E gli evoluzionisti, come spiegano che vi siano così pochi fossili prima del Cambriano? E’ probabile che, quali che siano i fattori responsabili della mancanza di platelminti fossili in tutte le ere geologiche fino a oggi, essi abbiano influito anche sul resto del regno animale prima del Cambriano. Probabilmente la maggior parte degli animali precambriani era costituita da invertebrati come i moderni platelminti, magari piuttosto piccoli come i moderni turbellari e composti da un materiale poco adatto alla fossilizzazione. Poi, mezzo miliardo di anni fa, accadde qualcosa che permise agli animali di fossilizzarsi liberamente: per esempio la comparsa di scheletri duri e mineralizzati.

Un altro modo di indicare la «lacuna nella documentazione fossile» era l'espressione «anello mancante», che fu molto in voga nell'Inghilterra tardo‑vittoriana e persistette fino alla prima metà del XX secolo. Frutto di un fraintendimento della teoria darwiniana, era usata come insulto un po' come è usato oggi, colloquialmente (e ingiustamente), il termine «neandertal». Nell'elenco di citazioni che l'Oxford English Dictionary riporta per illustrare il significato dell'espressione, ce n'è una del 1930 che riguarda D.H. Lawrence. Una donna, racconta il romanziere, gli scrisse per dirgli che il suo nome «puzzava» e concludeva: «Tu, che sei un incrocio tra un anello mancante e uno scimpanzé».
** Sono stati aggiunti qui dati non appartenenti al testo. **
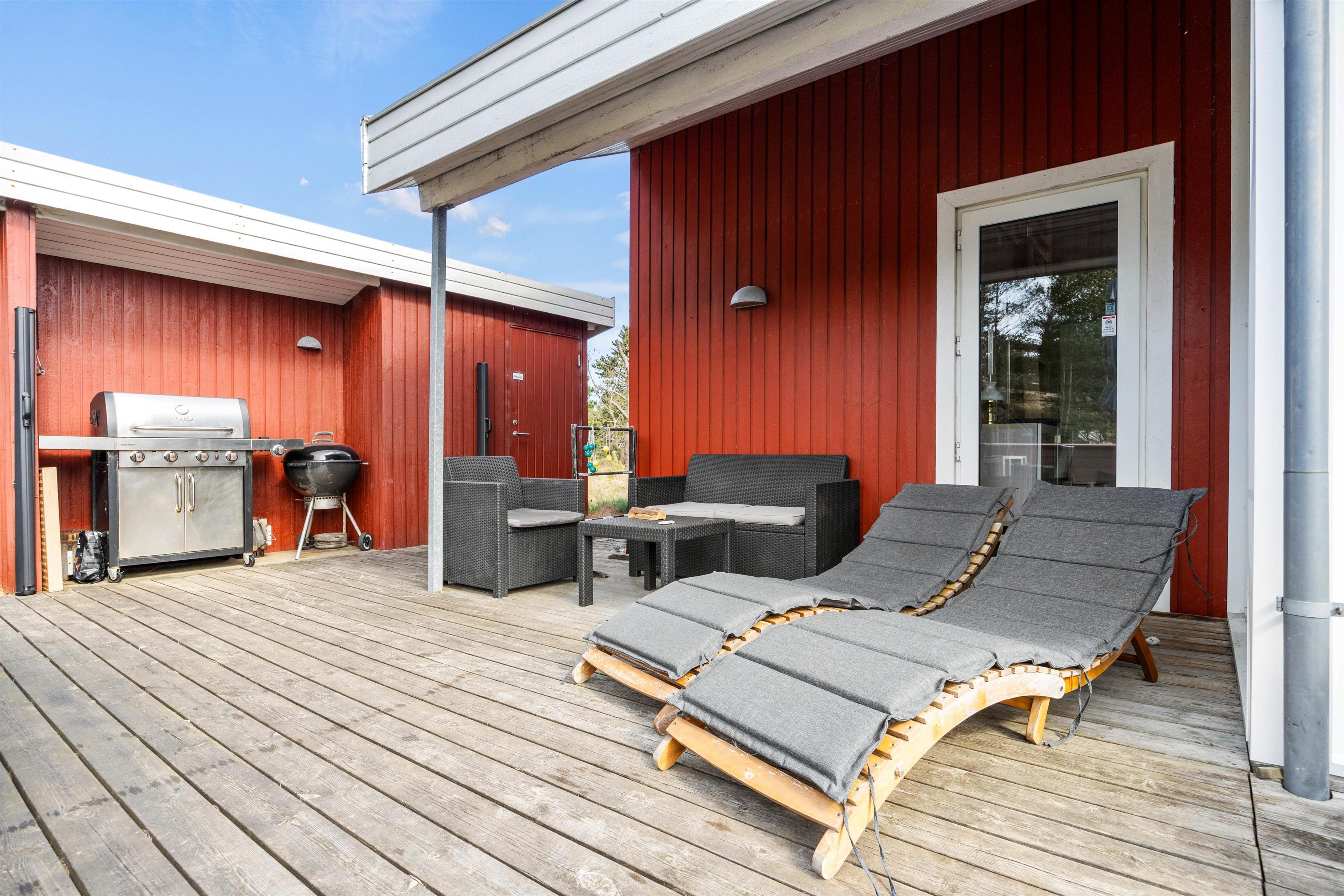 Huset har 2 gode terrasser, så I kan følge med solen hele dagen, og der står havemøbler og grill klar til jer, så snart I ankommer. Terrasserne skaber den perfekte ramme for alt fra morgenkaffen til hyggelige grillaftener med familien. Til børnene er der både gyngestativ, rutsjebane og sandkasse, så der er rig mulighed for leg. De små kan trygt lege på den rummelige grund, mens I nyder en stille stund i skyggen eller solens varme stråler.

Il significato originario dell'espressione, molto confuso come dimostrerò, era che alla teoria darwiniana mancasse il nesso fondamentale tra l'uomo e gli altri primati. L'oxford riporta un'altra citazione, risalente all'Ottocento: «Ho sentito parlare di un anello mancante tra uomini e puggies» (puggie era un termine dialettale scozzese per «scimmia»). Ancora oggi i negazionisti ripetono, con compiaciuto tono di dileggio: «Ma non avete ancora trovato l'anello mancante», e spesso aggiungono una frecciatina sull'Uomo di Piltdown. Non si sa chi abbia architettato la burla del Putdown, ma chiunque sia stato, deve rispondere di molti danni. (* In genere si sospetta sia stato il paleontologo Charles Dawson, ma Stephen Jay Gould ha avanzato la suggestiva ipotesi che fosse Pierre Teilhard de Chardin. Il lettore forse ricorderà che Teilhard era il teologo gesuita il cui ultimo libro, Il fenomeno umano, ricevette la stroncatura più tremenda di tutti i tempi dall'impareggiabile Peter Medawar (il quale la incluse poi in The Art of the Soluble e Pluto's Republic).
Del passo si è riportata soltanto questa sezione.